Vandalizer

AI-powered document intelligence for research administration.

Vandalizer is an open-source, self-hosted platform for AI-powered document review and data extraction, purpose-built for research administration offices at universities. It gives offices of sponsored programs, grants offices, compliance teams, and other university units a single tool for processing the large volumes of grant proposals, award documents, and regulatory filings that flow through every funding cycle.

These offices typically review hundreds of documents per cycle to extract deadlines, budgets, compliance requirements, PI information, and sponsor-specific terms.
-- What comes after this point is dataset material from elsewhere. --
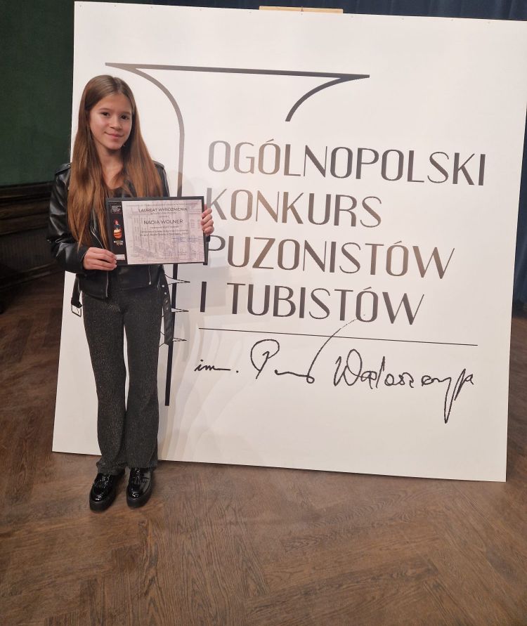 - LAUREAT WYRÓŻNIENIA – NADIA WOLNER z klasy puzonu mgra Kamila Wolnera – kategoria puzon, grupa I

Much of this work is manual, repetitive, and error-prone. Vandalizer automates it with configurable LLM-powered extraction workflows that pull structured data from uploaded documents, chain tasks into repeatable pipelines, and let staff ask natural-language questions against their document collections with citation-backed answers.
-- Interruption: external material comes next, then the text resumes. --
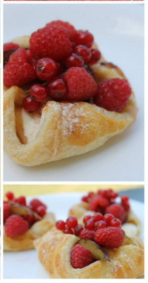 Přidávám jednu rychlovku, klasické šátečky z listového těsta + tvaroh + ovoce, zalité javorovým sirupem
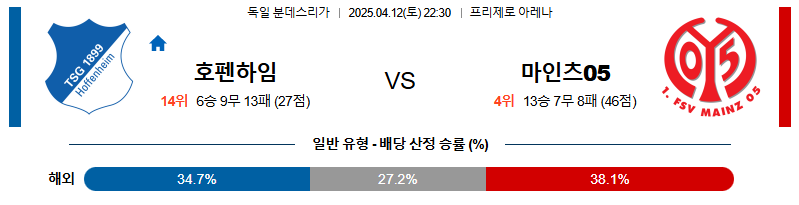호펜하임 대 마인츠 분데스리가 04월12일 맞대결 생중계, 스포츠중계, 스포츠분석

The project was developed at the University of Idaho under the NSF GRANTED program (Award #2427549) and is designed to be adopted by other institutions. It is fully self-hosted, runs on commodity infrastructure, and supports any OpenAI-compatible LLM provider including local models via Ollama.

Features

Structured Extraction - Pull dates, budgets, requirements, and more from PDFs into clean structured data
Workflow Engine - Chain extraction tasks into repeatable pipelines with dependency resolution
RAG Chat - Ask questions against your document collection with citation-backed answers
Team Collaboration - Multi-tenant workspaces with role-based access and shared libraries
Self-Hosted - Run on your own infrastructure with full control over your data. A single server with 16 GB of RAM is sufficient; see the Deployment Guide for details on local LLM/OCR hosting options for fully air-gapped installations.

Prerequisites

Tool	Version	Install
Docker & Docker Compose	Recent	docs.docker.com/get-docker
Python	>= 3.11, < 3.13	python.org (local dev only)
Node.js	>= 20	nodejs.org (local dev only)
`uv`	Latest	docs.astral.sh/uv (local dev only)
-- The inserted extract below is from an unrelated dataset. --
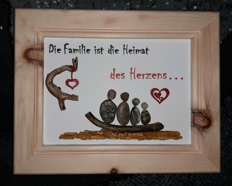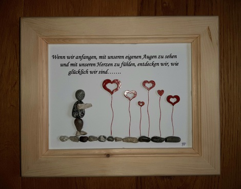Exclusiv mit selbst hergestellten Zirbenrahmen, alle weiteren Materalien und Steine sind lackiert und verklebt. Die Größe der Bilder ist 30cm x 24cm mit rückseitigen Aufhängeösen.
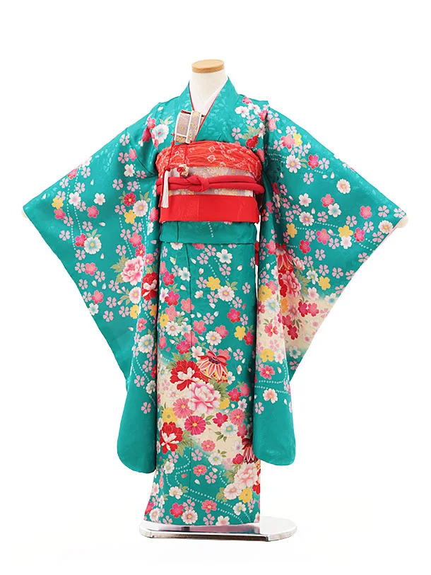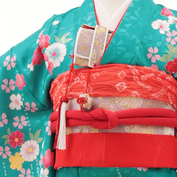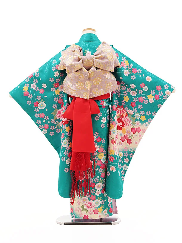 七五三(7歳結び帯)Y341 グリーン 鈴 花づくし

Docker is required for both paths below. Python, Node.js, and uv are only needed for local development (Option B).

Quickstart

Interactive setup (recommended)

The setup wizard handles everything — environment configuration, secret generation, Docker builds, service startup, admin account creation, and database seeding — in a single interactive session:

git clone https://github.com/ui-insight/vandalizer.git
cd vandalizer
./setup.sh

The frontend is available at http://localhost and the API at http://localhost:8001 when setup completes.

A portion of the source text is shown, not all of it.